UPPER WEST SIDE — The area around Columbus Avenue and West 109th Street should be better lit and give pedestrians more time to cross, the NYPD found after reviewing the intersection in the wake of a crash there that killed an 88-year-old woman there earlier this month.
Luisa Rosario, 88, was killed by a taxi driver while crossing West 109th Street at Columbus Avenue at 12:42 a.m. on Nov. 8, authorities said.
While the intersection is not known as particularly dangerous based on data regarding injuries there, visibility and the time Rosario had to cross the street could have played a factor, police found.
From Jan. 1, 2015, to Nov. 8, 2015, there were 11 collisions at that intersection, representing .009 percent of the collisions in the 24th Precinct during that time period, said Capt. Marlon Larin at a community meeting Wednesday.
"We believe that we... would not have been able to predict that that place was prone to a traffic fatality" if not for the incident occurring, he explained.

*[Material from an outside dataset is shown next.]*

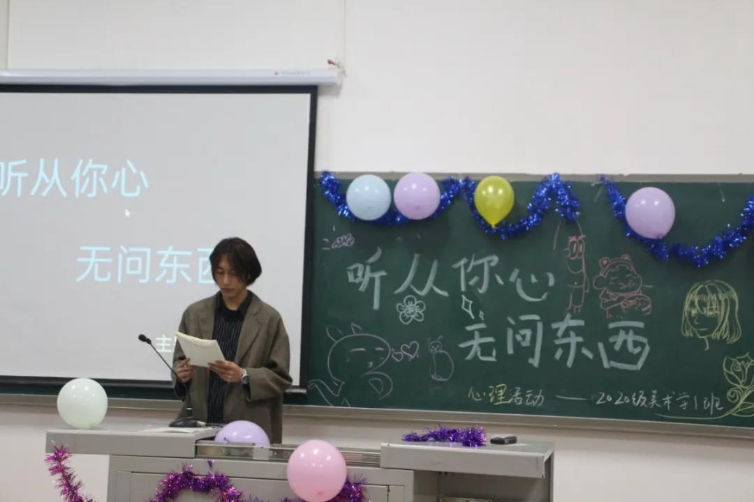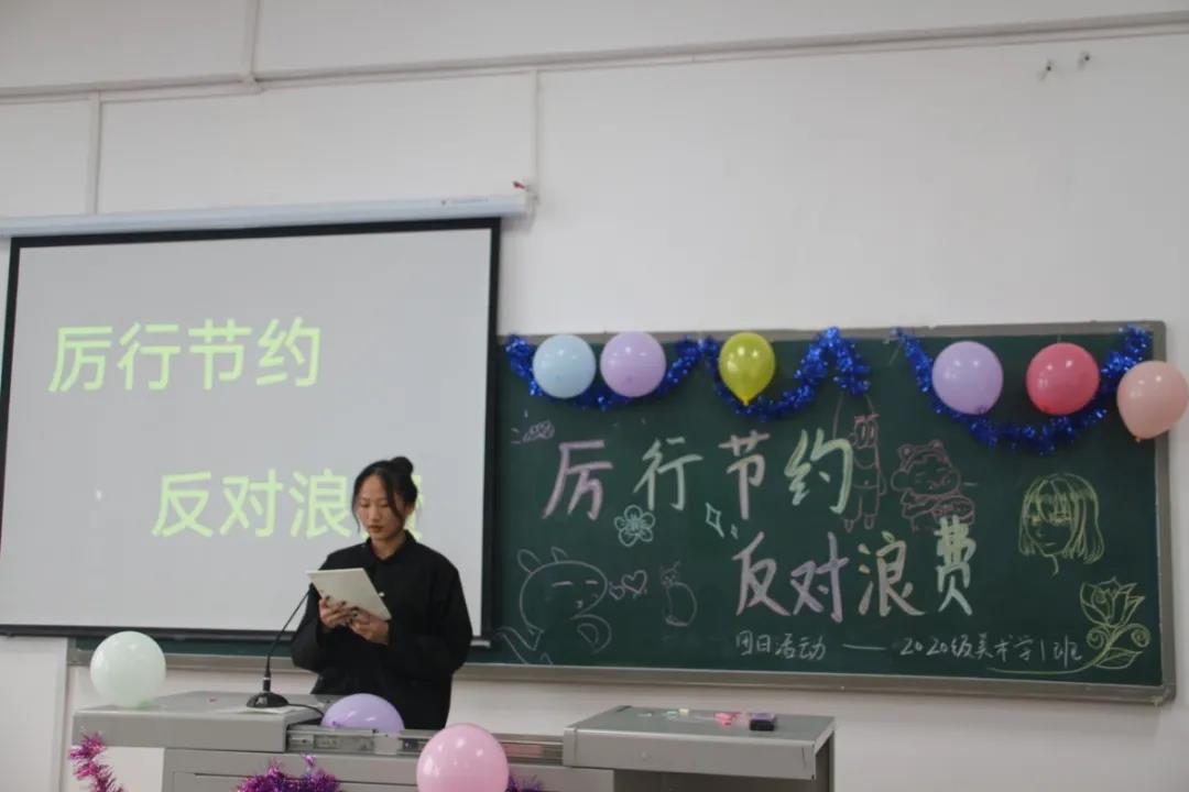 活动最后一环节也是气氛最轻松的一个环节——茶话会!同学们在教室里装饰了五颜六色的气球,黑板上绘画出各种各样有趣的图案,有的班级甚至还挂上了拉风的横幅,尽显美术生的独特风采!同学们依次上台进行了自我介绍,给大家分享了自己美丽的家乡以及日常的奇闻趣事!本次活动的主要目的是弘扬勤俭节约的传统美德,拉进同学之间的距离,增进彼此感情,活跃班级气氛。

In Rosario's death, the driver had been working since 9 a.m. the day before but had taken only a few breaks, a spokesman for the Taxi and Limousine Commission said.
The driver, Salifu Abubkar, 73, was charged with a misdemeanor for hitting a pedestrian who had the right of way.

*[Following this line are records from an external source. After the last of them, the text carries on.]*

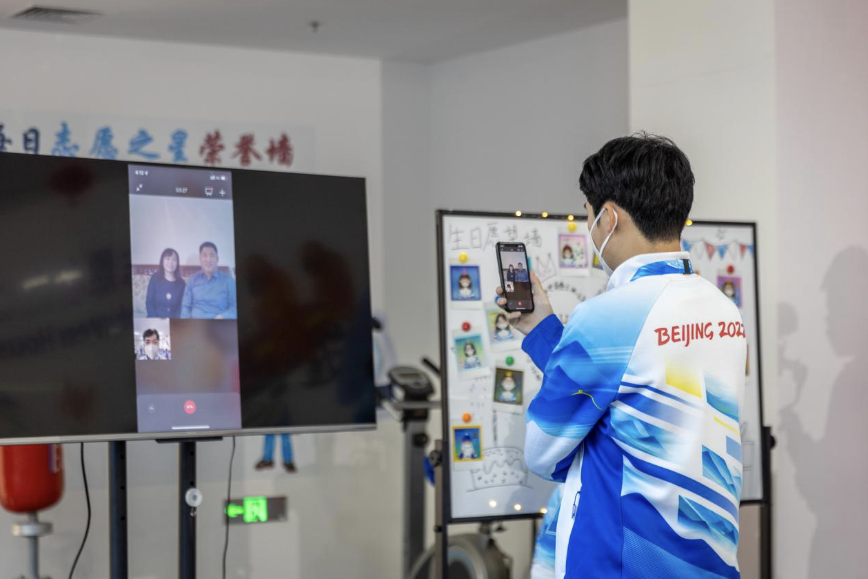 生日会上还有一个特殊的环节。前期,志愿者团队了解到,志愿者闫宏伟的父亲阎斌是2008年北京冬奥会鸟巢外立面的光照设计师,在集体生日会现场,连接“两代奥运人”的视频连线开启。
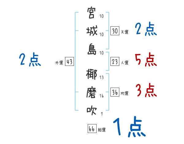 宮城島椰磨吹さんの画数の鑑定結果
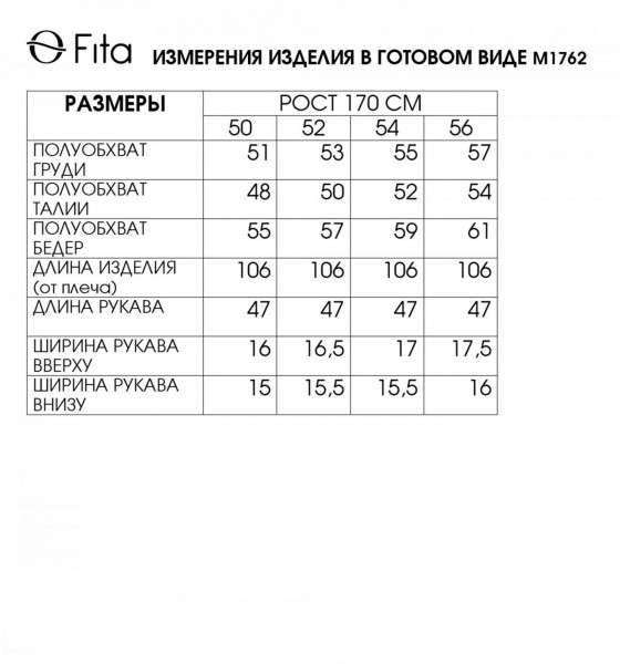 таблица размеров

As part of its post-crash plan, officers from the 24th Precinct handed out 154 summonses to drivers at or near the intersection, 64 of which were for moving violations, he said.
"That amount of enforcement activity is pretty significant," Larin said.

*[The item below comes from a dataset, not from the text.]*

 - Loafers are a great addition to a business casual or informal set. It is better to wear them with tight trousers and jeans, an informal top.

During the three days immediately following Rosario's death, officers studied what could be improved at the intersection, finding that the crosswalk lines and the lines near the intersection needed to be repainted.
The precinct also asked the Department of Transportation for more nighttime lighting, Larin noted.
"That corner is particularly dark at that time of night," he said.
The precinct also recommended to the DOT that pedestrians have more time to cross at the intersection.
"We are looking at NYPD’s requests for the location," said a DOT spokeswoman.
Rosario's death marked the only pedestrian death in the precinct so far this year. Last year, eight people who were cycling or walking were killed by drivers within the precinct's boundaries.